Until the invention of more sophisticated security systems, thorny branches were often used as a defense against burglary, being strategically planted below windows or around the entire perimeter of a property.

==Rule==
Although the decision was divided, the majority held that if a person damages another's property there is a tort even if the action that brought such damages was itself lawful. As Pigot, J states, "And so if a man has a fish-pond in his manor and he empties the water out of the pond to take the fishes and the water floods my land, I shall have a good action, and yet the act was lawful."

- One who voluntarily does an act which results in damages to another is responsible for the damages even if the act was lawful.

==Report==
This case excerpt was summarised in Bessy v Olliot & Lambert (1681) as follows.

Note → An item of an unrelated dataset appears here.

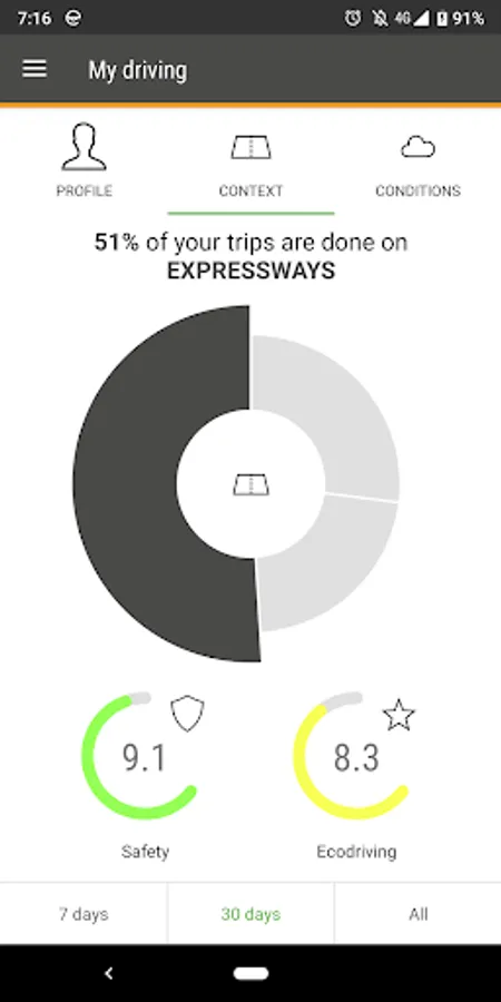 • Summary of mileage according to the road context and conditions of the rides (weather, week / weekend and day / night).

"Trespass quare vi et armis clausum fregit, et herbam suam pedibus conculcando consumpsit in six Acres. The defendant pleads, that he hath an Acre lying next the said six Acres, and upon it a Hedge of Thorns, and he cut the Thorns, and they ipso invito fell upon the Plaintiff's Land, and the defendant took them off as soon as he could, which is the same Trespass; and the Plaintiff demurred; and adjudged for the Plaintiff; for though a Man doth a lawful Thing, yet if any damage do thereby befal[l] another, he shall answer for it, if he could have avoided it. As if a Man lop a Tree, and the [Boughs] fall upon another ipso invito, yet an Action lies. If a Manshoot at [Butts], and hurt another unawares, an Action lies. I have Land through which a River runs to your Mill, and I lop the Sallows growing upon the [Riverside], which accidentally stop the Water, so as your Mill is hindered, an action lies. If I am building my own house, and a Piece of Timber falls on my neighbour's house and breaks Part of it, an action lies. If a Man assault me and I lift up my Staff to defend myself, and in lifting it uphit another, an Action lies by that Person, and yet I did a lawful Thing. And the Reason of all these Cases is, because he that is damaged ought to be recompensed. But otherwise it is in Criminal Cases, for there actus non facit reum nisi mens sit rea."